Ben en fait, breaking news, ya de fortes chances qu'ils aient participé à ce climat hein. C'est pas une question de dire les mecs tous des connards mais franchement, quand je vois le nombre d'hommes que j'apprécie pourtant qui sont capables d'avoir des réflexions déplacées et de faire des blagues pesantes, en ma présence et sans même y voir le mal, j'imagine bien que leur comportement a affecté des femmes un jour ou l'autre. Et pour moi justement, un mec qui soutient vraiment les femmes, c'est celui qui est capable de dire "j'ai eu un comportement déplacé, je le comprends maintenant et je le regrette", pas celui qui nous "plaint" en faisant mine de découvrir le truc et en disant "oh la la la, ya vraiment des mecs tarés".
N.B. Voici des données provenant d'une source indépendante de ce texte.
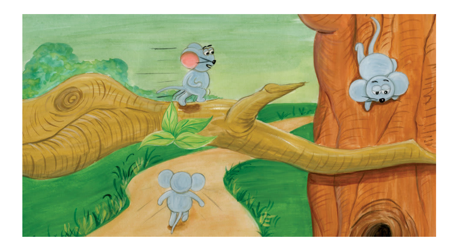
Rat loves to play outside.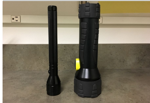
Do not use an open flame for light.

Même Eric Zemmour se saisit de #Balancetonporc pour critiquer Omar Sy, alors qu'Eric Zemmour est loin d'être un modèle de lutte contre la violence faite aux femmes...
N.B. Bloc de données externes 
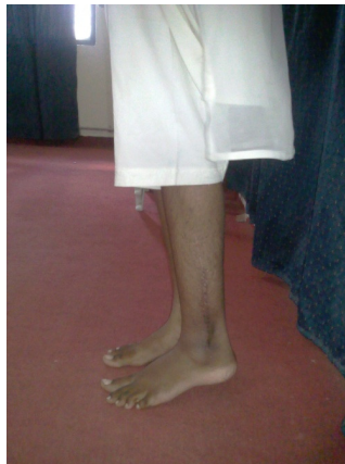
Figure 5. Clinical Picture of Ankle, patient walking full weight bearing

"Je connais un violeur", c'était un électrochoc parce que c'était rare de montrer que tel mec sympa
peut être un agresseur. Moi j'ai réalisé que je connaissais des violeurs "très sympas", avec qui je m'entendais bien avec ce Tumblr (les ex de mes copines pour la plupart), et si on n'est pas capable de prendre conscience de ça, que nos agresseurs c'est la majorité des hommes, pas juste une petite poignée (puisque le MeToo c'est beaucoup plus large que le viol, ça concerne vraiment tout type d'agressions de la "blague salace" d'un supérieur à la main aux fesses en boite, et donc c'est bien la majorité des hommes), et qu'ils devraient se remettre en cause plutôt que d'être vexés, les femmes pourront parler tout leur saoul, rien ne changera jamais.
Là, il y a zéro remise en cause des hommes concernés et ça me met en rage.
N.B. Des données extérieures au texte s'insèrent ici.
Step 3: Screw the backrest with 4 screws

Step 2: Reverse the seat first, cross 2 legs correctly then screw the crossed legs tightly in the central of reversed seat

Mais ce que j'apprécie vraiment dans ce mouvement c'est que ça donne de la force à certaines femmes connues de se battre et d'être soutenues dans leur combat, là où on les regardait avec un vague mépris avant, donc je compte sur elles pour porter le flambeau et nous pour appuyer leur combat. Certaines d'entre elles sont si féroces et combattives, ça me fait chaud au coeur, et je me dis qu'elles finiront peut-être par faire sortir les hommes du bois, leur faire réaliser que tel agresseur décrit ici, ça aurait pu être lui.
Ce mouvement embarque tellement de femmes peu sensibilisées à ces questions habituellement, que leur nombre va certainement renforcer les rangs du combat et permettre d'aller plus loin qu'avant.